In the “Deep State: Inside the Government Secrecy Industry,” Marc Ambinder and D.B. Grady report that the incident occurred while Ahmadinejad was in New York to give a speech at the United Nations. As he and his entourage were getting into their motorcade one morning, a Secret Service agent discharged a shotgun in the direction of the Iranian delegation, allegedly by accident.

Ahmadinejad and the Iranian delegation reportedly looked in the direction of the shooter before going on their way.

“When I read that, I remember closing my eyes,” a source who read the intelligence brief on the subject at the time told Ambinder and Grady, indicating that White House officials feared Ahmadinejad would use the incident as a mallet to bash the United States.

But to the surprise of the White House, Ahmadinejad never mentioned it in public.
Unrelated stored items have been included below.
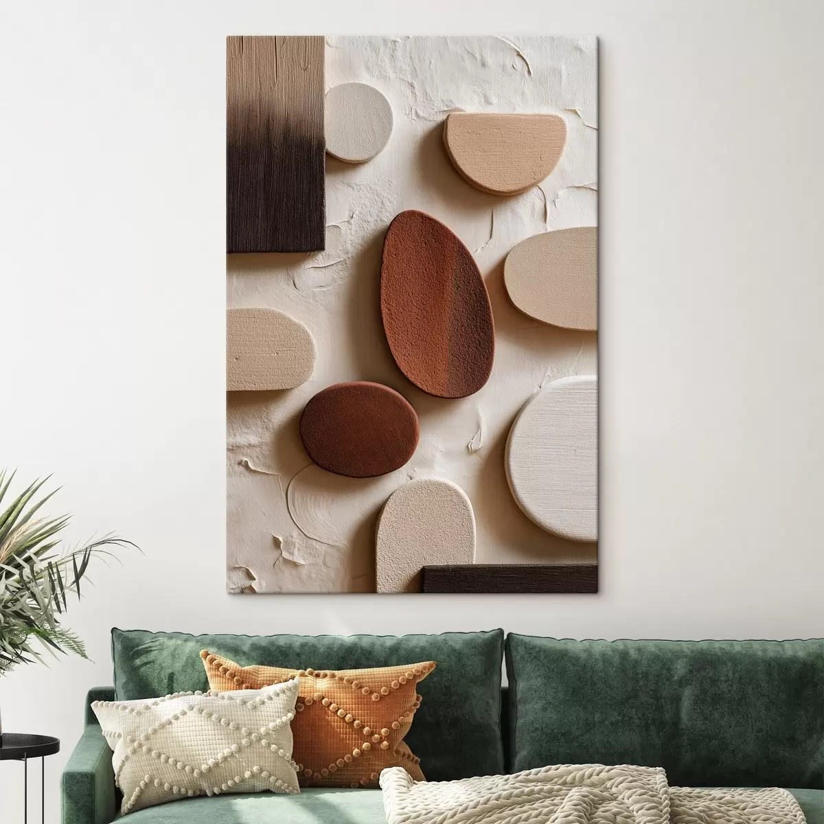 Tableau Composition abstraite avec des formes géométriques tridimensionnelles sur un fond en relief s45409
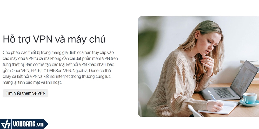 Cho phép các thiết bị trong mạng gia đình của bạn truy cập vào các máy chủ VPN từ xa mà không cần cài đặt phần mềm VPN trên từng thiết bị. Bạn có thể tạo các loại kết nối VPN khác nhau, bao gồm OpenVPN, PPTP, L2TP/IPSec VPN. Ngoài ra, Deco có thể chạy cả kết nối VPN và kết nối internet thông thường cùng lúc, mang lại tính bảo mật và linh hoạt.
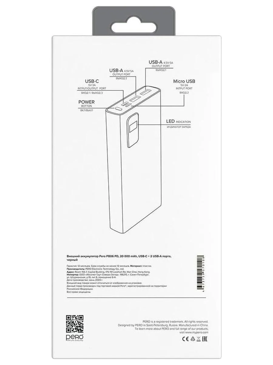В наличии 1 100 руб. Внешний аккумулятор PERO PB06 20000 mAh, Li-Pol, output USB-C + ...
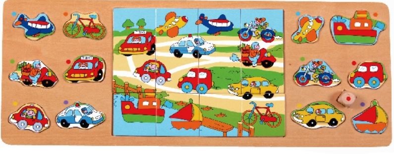 - Zabawka zawiera 24 elementów - umieszczonych na drewnianej podkładce: 12 kwadratowych puzzli, 11 puzzli o różnych kształtach z grafikami o tematyce związanej z pojazdami, kostkę do gry, zasady gry umieszczone na opakowaniu.
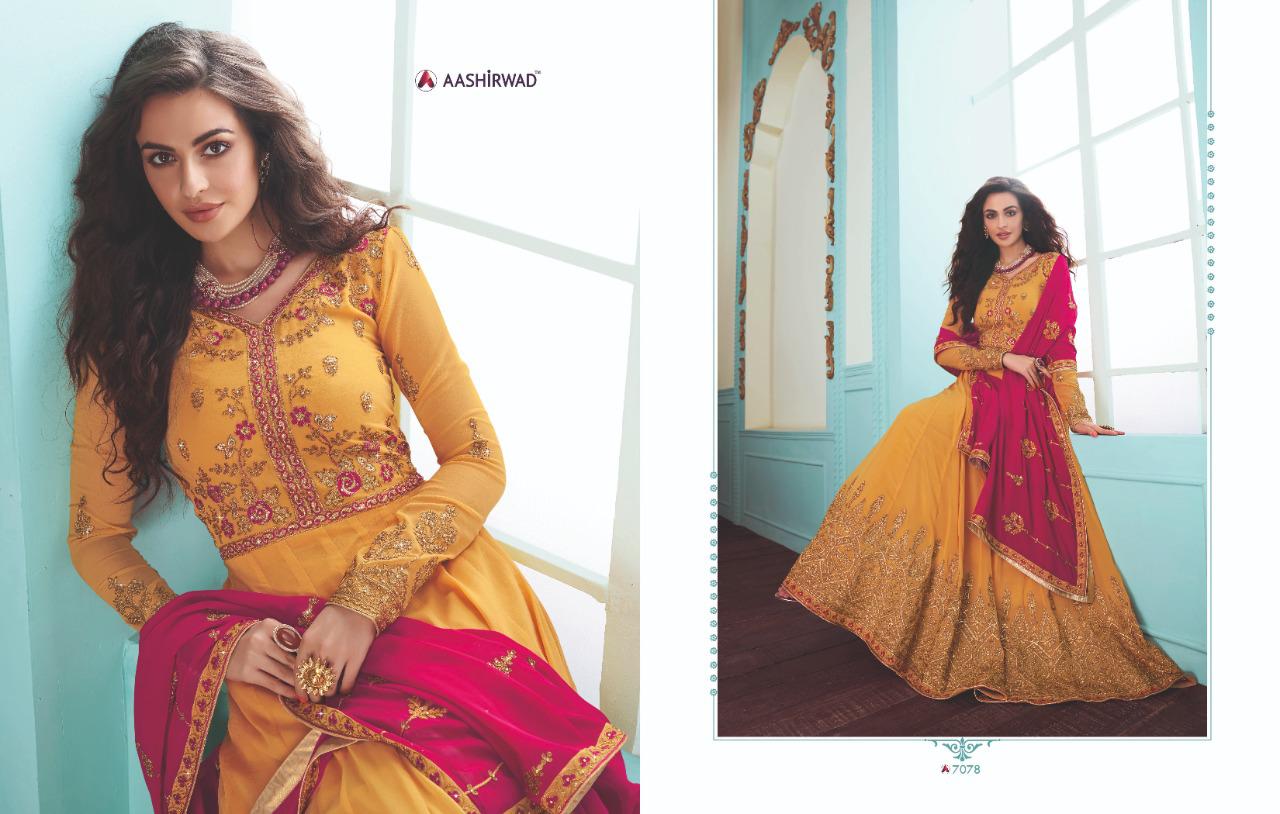 Buy Online Karishma By Ashirwad Series 7076 To 7081 Designer Party Wear Suits Wholesale Supplier Gujarat 6 Pcs of Full Catalogue at Wholesale Price. Looking for Karishma By Ashirwad Series 7076 To 7081 Designer Party Wear Suits Wholesale Supplier Gujarat Full Catalouge at Best Price? Buy Now Karishma By Ashirwad Series 7076 To 7081 Designer Party Wear Suits Wholesale Supplier Gujarat at Wholesale Rate of Rs 14370 with Total 6 Pcs from authroized dealer and supplier of AASHIRWAD Brand. Cost of Each piece is just only Rs 2395 which is very low and affordable price to resale the product in your retail store ,This is Surat based Wholesale Supplier & Dealer of AASHIRWAD Brand. Click on Brand name to Know more about AASHIRWAD Brand's products.Call or Whatsapp on 9898838984 for booking or enquiry
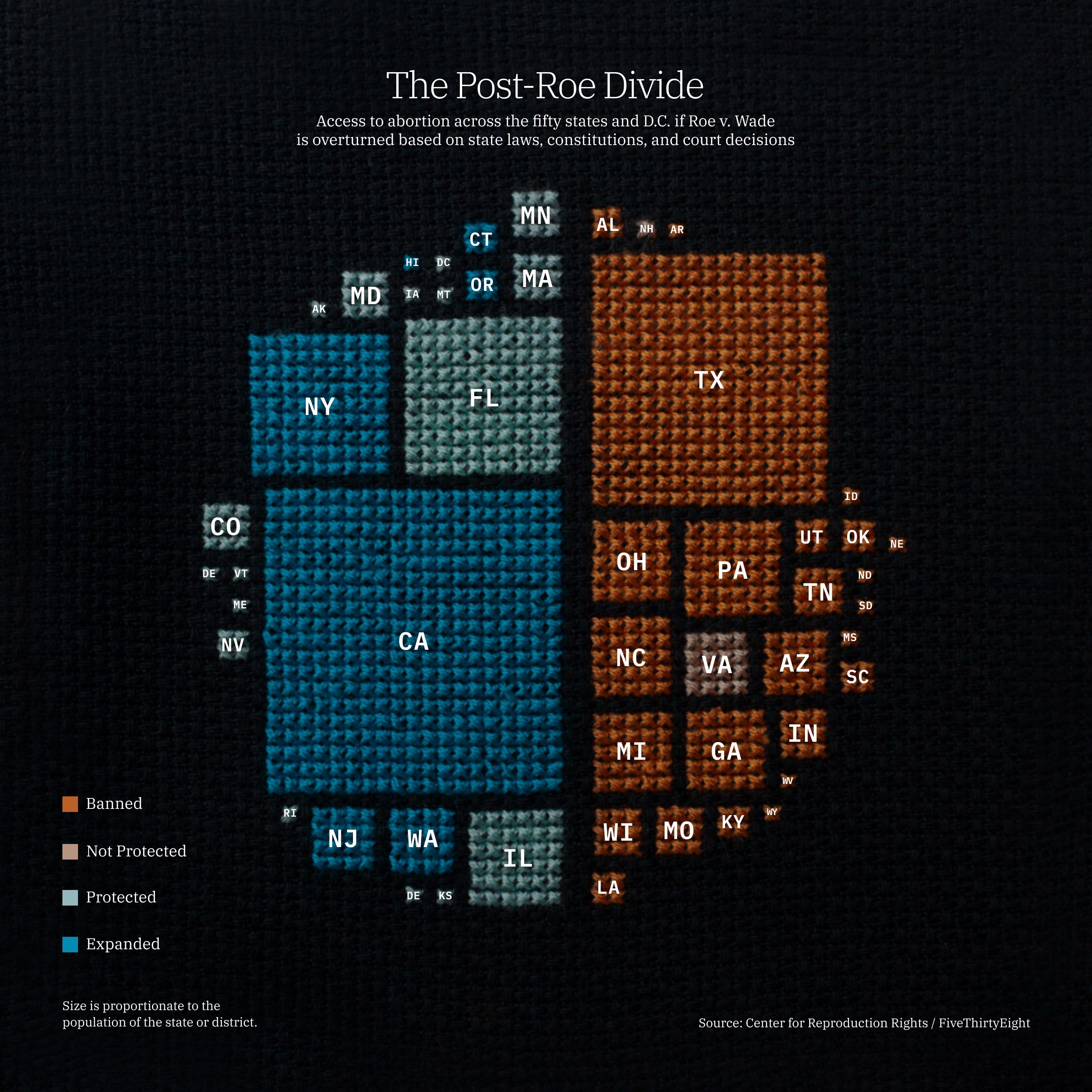 Recently, a document from the U.S. Supreme Court was leaked that proposes to overturn Roe V. Wade, a court decision from the 1970s that protects women's right to abortion in the states. If Roe V. Wade is successfully overturned, the country will be split in half: half of women will be able to access abortion, half will not. I felt compelled to create a piece that depicts this data using cross stitch because it is such an important women's issue. Women's rights are routinely undermined and devalued, similar to women's mediums of art and craft (like cross stitch).
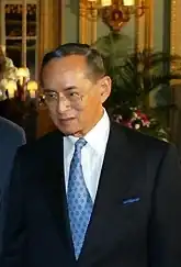El rey de Tailandia hasta el 13 de octubre de 2016 fue Bhumibol Adulyadej (o Rama IX) y es uno de los monarcas con el reinado más largo de la Historia y fue el rey con más tiempo en el trono de su país, pues estuvo en el trono desde 1946 hasta su fallecimiento en el año 2016. Actualmente el rey es Vajiralongkorn (Rama X), que ascendió al trono de Tailandia el 13 de octubre de 2016. La Constitución de Tailandia estipula que si bien la soberanía del Estado está investida en el pueblo, el rey puede ejercer tales poderes a través de tres ramas del gobierno. Como monarca constitucional, el poder del rey está limitado a uno simbólico; sin embargo, la institución mantiene gran cantidad de respeto y reverencia del pueblo tailandés.[1]
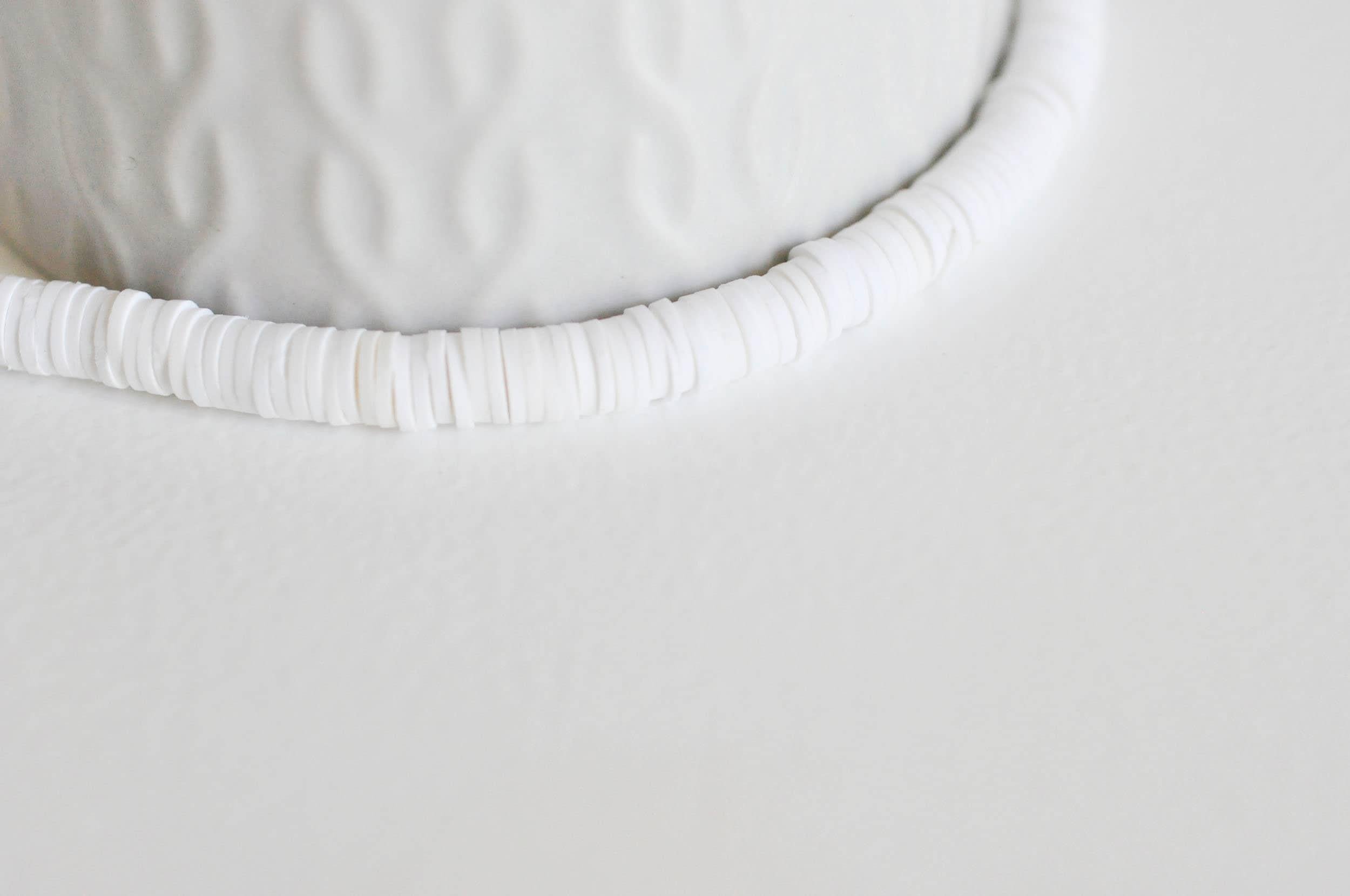 White vinyl beads, jewelry making, plastic beads, heishi beads, disc beads, creative supplies, 6mm, thread of 320 beads
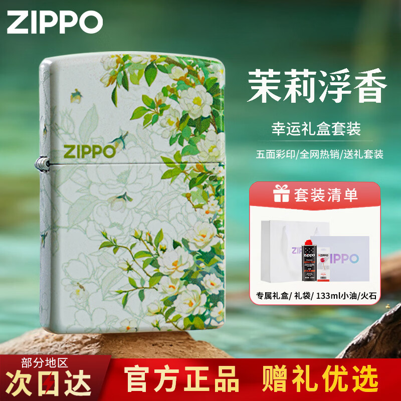 ZIPPO打火机茉莉浮香五面彩印之宝防风煤油生日礼物送男友 茉莉浮香【经典礼盒套装】
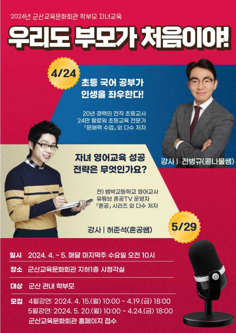 이와 관련해 군산교육문화회관은 2024년 학부모 자녀교육 ‘우리도 부모가 처음이야’ 프로그램을 운영한다.
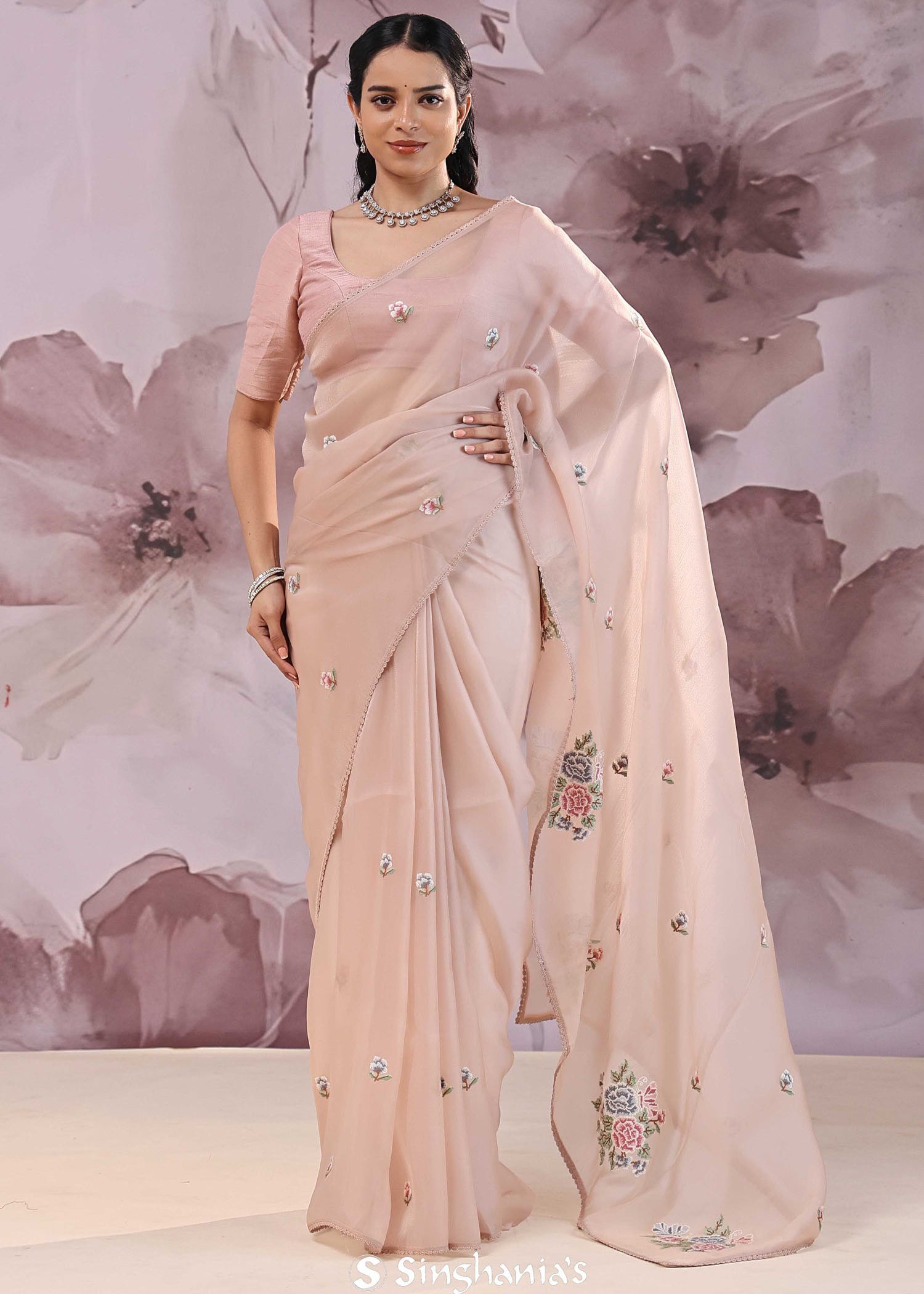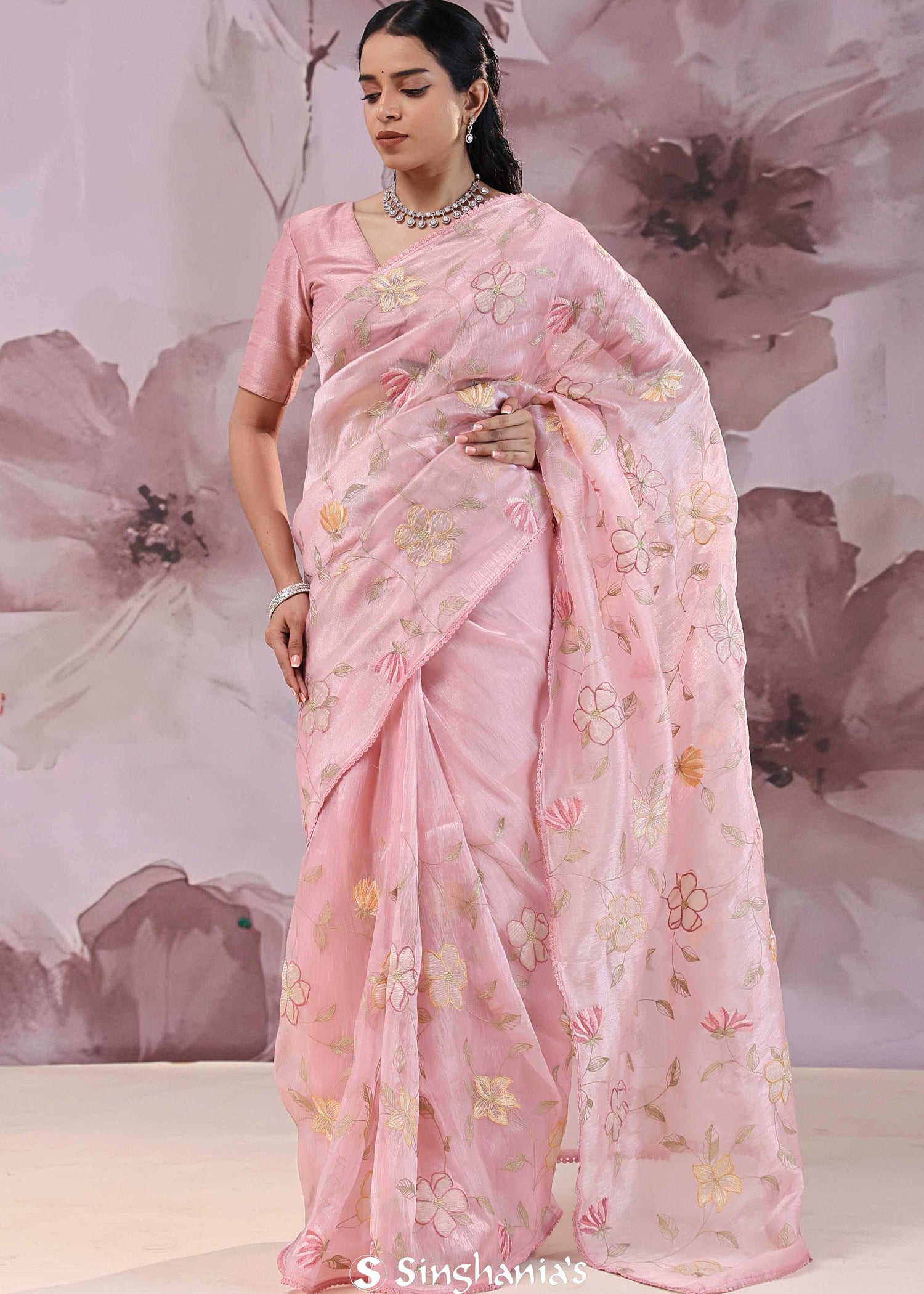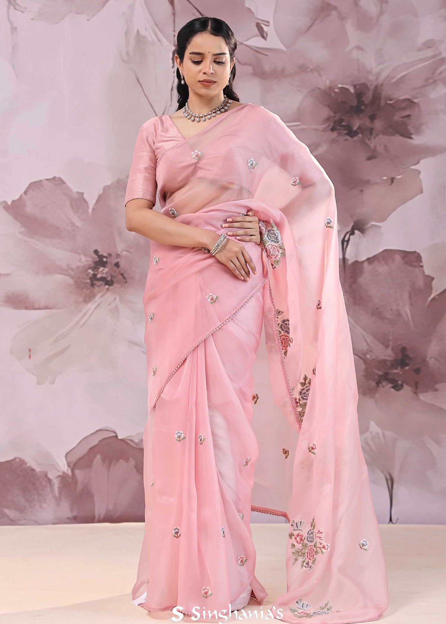 Pearl Pink Organza Saree With Embroidery

Ahmadinejad is currently finishing up the final months of his 8-year, two-term tenure as Iranian president.

UPDATE 6:42 p.m.: 

Secret Service spokesman Edwin Donovan tells The Daily Caller that the claims in the book excerpt, including the year of the incident, are “not accurate at all.”

“I mean, the year is off, the weapons are off, the location’s off,” he said. “There’s nobody in the vicinity.”

Donovan also provided an emailed statement on the Secret Service’s position on the matter.

“In September of 2007, one of our personnel assigned to the Iranian presidential protective detail accidentally discharged one round from a Heckler & Koch MP-5 into the floorboard of a Secret Service vehicle while conducting an equipment inspection,” he said in the statement.

“At the time of the discharge the vehicle was parked in a motorcade staging area at the United Nations. There were no protectees or foreign security personnel in the vicinity of the vehicle at the time of the discharge. There were no injuries sustained by anyone as a result of the incident.”

“The Secret Service takes weapons handling and safety very seriously and a full investigation was conducted by our Inspection Division at that time,” the statement continued. “This matter was handled internally and in an appropriate manner.”